Um dos bares do aeroporto “não sei das quantas”. Uma fila enorme. Nunca hei-de perceber porque é que as pessoas não levam farnel no avião, já que a comida que lhes é servida a bordo não as satisfaz. Depois, quem só quer uma simples garrafinha de água, um singelo café, sofre horrores à espera de ser atendido e, claro, quando chega a vez, já sente a fome a transmutar-se numa irritabilidade gratuita, daquelas que nos deixam o humor num estado de alerta vermelho.

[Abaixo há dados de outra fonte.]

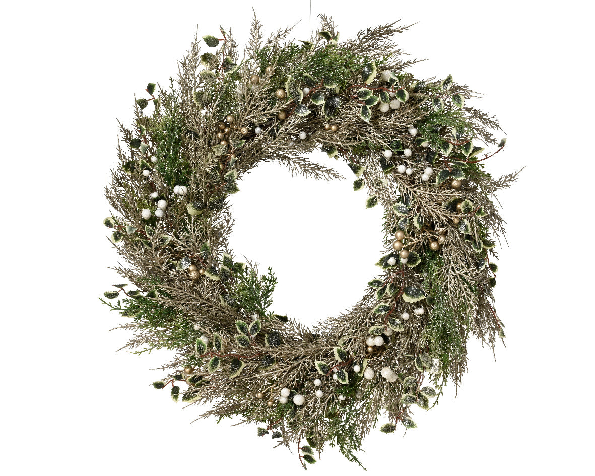 Wieniec świąteczny „Champagne” – 60 cm, zielony ze złotymi liśćmi i jagodami

Alguém me chama a atenção para algo. Cá conversas, digo logo, em inglês, messóri não sepico inglis. A minha amiga, perdida de riso, diz que o senhor me está a falar em português. Pronto, tinha de ser. Se estou em Portugal, ninguém fala comigo, nem para perguntar as horas. Põe-se um pé em ramo verde e aparece logo um compatriota, feliz e contente por ouvir falar o nosso vernáculo. Que maçada. Já não basta  prescindir de uma sandes de courato em troca de um burek seco, ainda tenho de aturar este turista em terra alheia. Ele e a minha amiga entendem-se na perfeição. Riem e tudo. Ignoram-me até ao dia em que me convidam para ser madrinha do casamento.

Encontros improváveis, amores improváveis, sei lá. Claro que recusei. A minha presença em casamentos nunca será em estatuto inferior ao de uma noiva. E, caso me queiram encontrar, aconselho a procurarem-me no bar do Aeroporto Internacional de Tirana Madre Teresa. Passei a acreditar em milagres…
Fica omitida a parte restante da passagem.